REDWOOD FALLS, Minn. - Minnesota's endorsed Republican U.S. Senate candidate says American farmers should be left alone, with less federal support, much like oil producers in western North Dakota.

"My goal is to become North Dakota, not Washington, D.C.," Kurt Bills said Wednesday, referring to that state's oil boom that he said occurred with little government assistance.

The woman whose job he is trying to take away, however, said the oil industry receives federal aid and it is not fair to cut renewable fuels aid unless that, too, is cut.

Bills and U.S. Sen. Amy Klobuchar, a Democrat seeking her second term, appeared with Glen Menze of the Independence Party during Farmfest, an agriculture trade show near Redwood Falls.

The Senate candidates used their first joint appearance to show stark differences in how they would handle farm policy and their approaches to government in general.


While Bills painted a picture of a dramatically reduced federal presence, Klobuchar said she strongly supports a Senate-passed farm bill that trims overall federal ag spending.

The candidates spoke in front of a half-full tent, one of the smallest political forums in recent Farmfest history.

The candidates received a smattering of applause from the mostly farmer audience.

The Farmfest event was the first time Bills has appeared with Klobuchar, although he has called for a series of debates. Klobuchar said her campaign is working to schedule more, but would not say how many debates she wants.

All three candidates said crop insurance, which pays for crop losses, should be in any federal farm policy.

Since the Senate-passed farm bill (the House has not passed a new version) eliminates some payments to farmers, Klobuchar said crop insurance is more important.

"We cannot afford to go down in crop insurance any more," she said.

While Bills said he wants the insurance, too, he wants it more specific. "We need to be there for the small farmer and the ones who need help."


Bills said he trusts farmers and "we need to put more faith in them" with the federal government reducing its involvement.

Menze said a drought that has affected much of the farm belt proves "we simply cannot get rid of those types of programs."
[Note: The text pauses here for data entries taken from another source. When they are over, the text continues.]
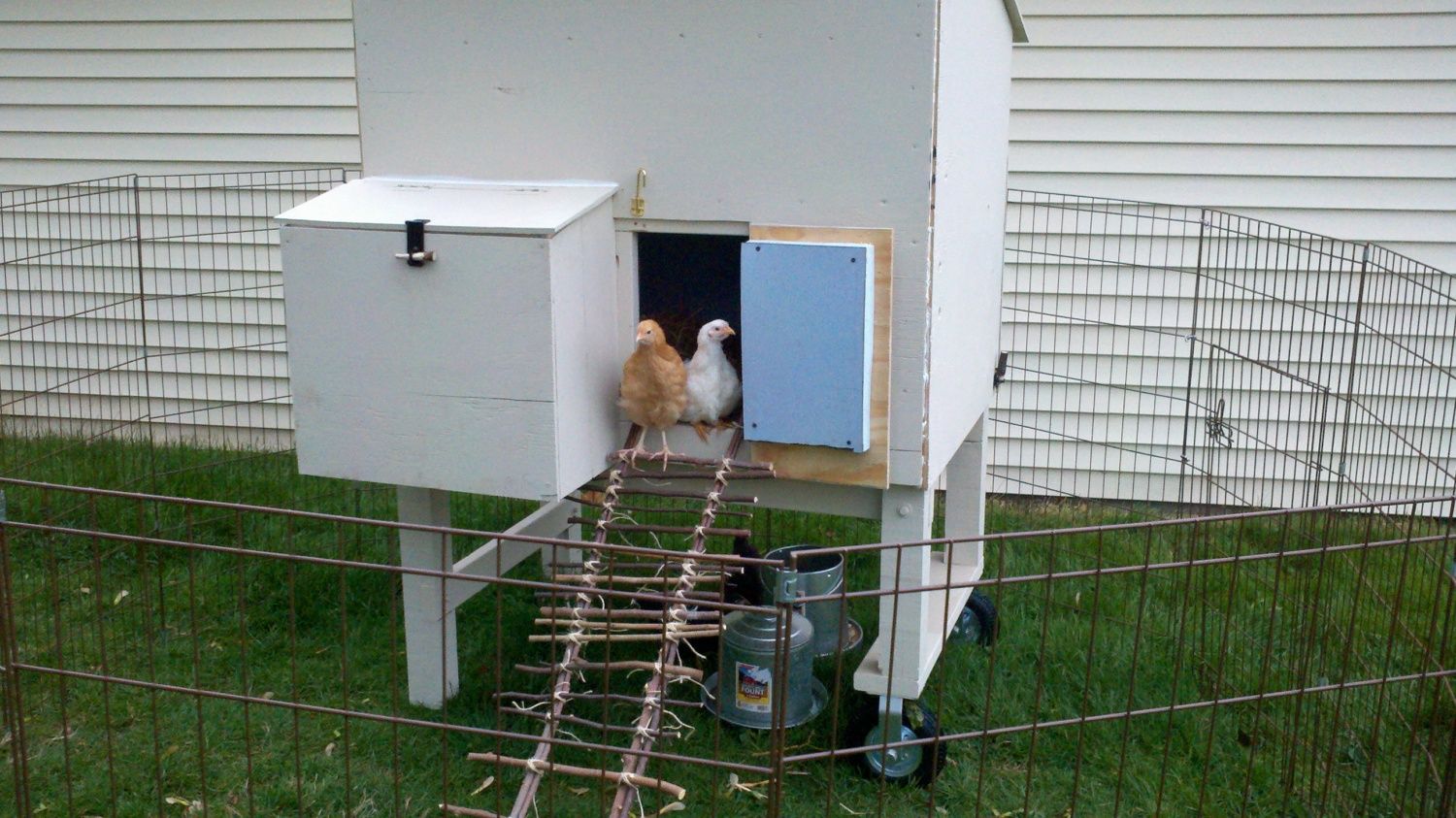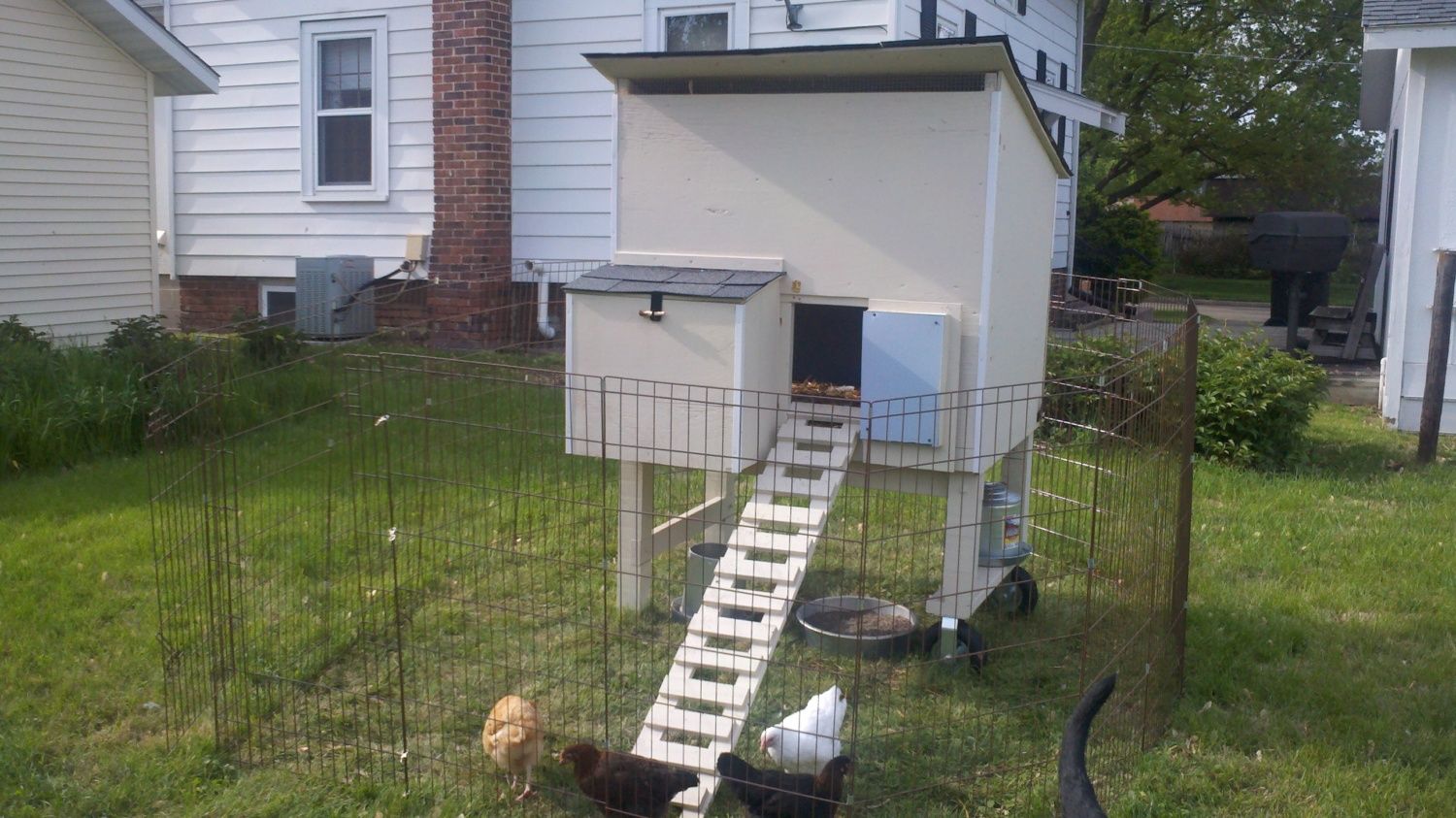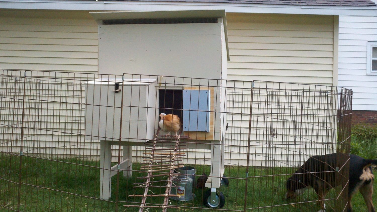The coop is fully insulated with an interior and exterior wall. It is a wheelbarrel design and we will move it around the yard. I have a 4' high portable dog fence to keep the chickies contained around their house.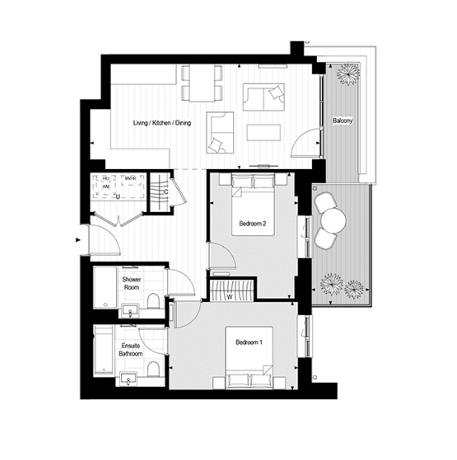 The principal bedroom boasts an elegant en-suite bathroom and built-in wardrobes, while the second double bedroom provides ample space for guests or a home office. A second contemporary bathroom completes the apartment, finished to an exceptional standard.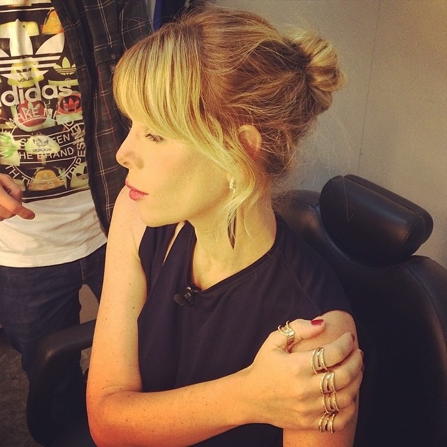 Per la sesta puntata del Grande Fratello Alessia Marcuzzi ha indossato un lungo abito scuro con spaqcco laterale.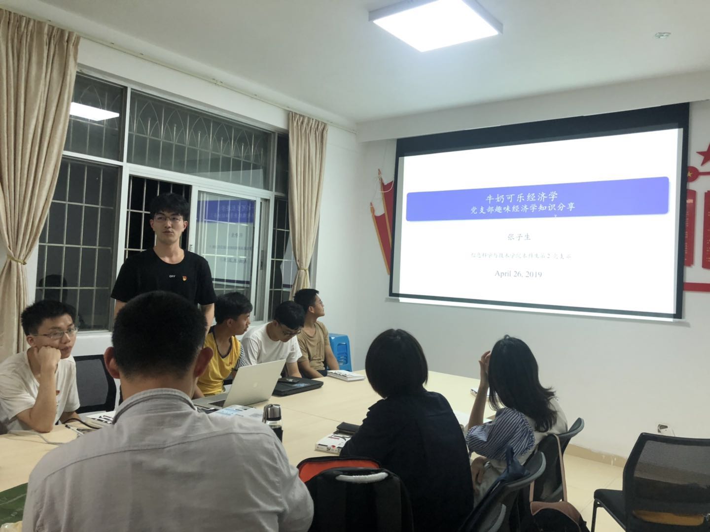 本期知识分享会上支部成员张子生和林靖渝分别以《牛奶可乐经济学》和《水上运动介绍》为主题给大家带来了生动有趣的分享。张子生同志以生活中经济现象给大家科普了经济学的一些基础知识,其中他提到“为什么鲸鱼有可能灭绝而鸡却不会”的问题时候认为与经济学上财产私有是有关系的,引起大家的讨论并与当前各地都在施行的河长制联系起来,猜测这种让河流变相“私有”,也许就是运用了经济学的原理,更好实现河流和环境的保护。林靖渝同学通过分享自己选修的皮划艇与浆板冲浪这两门水上运动课程,跟大家介绍了各类有趣的水上运动项目,过程中与会人员也会结合分享进行提问,大家听得津津有味,分享赢得阵阵掌声,还有人表示这个分享为自己的体育选修打开了大门,下次一定要尝试一下水上运动项目。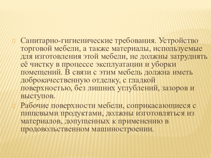 Слайд 19Санитарно-гигиенические требования. Устройство торговой мебели, а также материалы, используемые для изготовления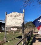 Sign with the Texas flag. The winery is located between the East and West Sister Creeks.The tasting room housed in an 1885 cotton gin. The winery opened in 1988.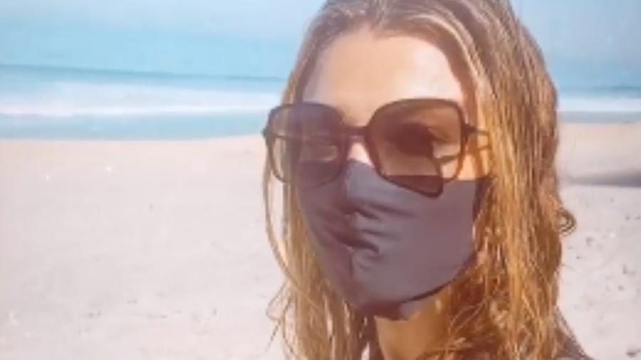 No instagram, Grazi Massafera publicou um vídeo onde aparece aproveitando o dia de sol para passear na praia. Ela aparece andando à beira do mar, de óculos escuro e protegida com uma máscara.

Bills and Klobuchar, who both face what are thought to be token opponents in Tuesday's primary election, dramatically differed on the federal role in renewable fuels, such as ethanol and biodiesel - blends of petroleum-based fuels and plant oil.

Klobuchar said she is a big supporter of renewable fuels since they now make up 10 percent of the country's fuel supply.

"We have seen a decline in our dependence on foreign oil," she said.

As long as the federal government subsidizes oil companies, she said, renewable fuels also need government aid.

"I go the opposite direction," Bills said, calling for the elimination of all federal renewable fuel help.

The GOP candidate said the federal government helped to start the renewable fuels industry. "It is jump-started and I think it is time to phase it out."


Klobuchar told the audience that she visited western North Dakota's Oil Patch with U.S. Sen. John Hoeven, R-N.D., and was impressed by what she saw there. But, she added, oil companies that are drilling there have federal help.

Bills said that free markets should govern agriculture, adding that is what he long has taught his high school economic students.

"Get rid of every last stinkin' subsidy," Bills said, and productivity will rise.

Klobuchar called rural America a bright spot in an otherwise gloomy economy. And part of that, she said, is because federal farm policy has been consistent.

"People know how to invest when they know what the policy is going to be," she said.

Menze, who has lost the past three elections to U.S. Rep. Collin Peterson, told farmers they should support him because with his rural Starbuck farm, he is one of them.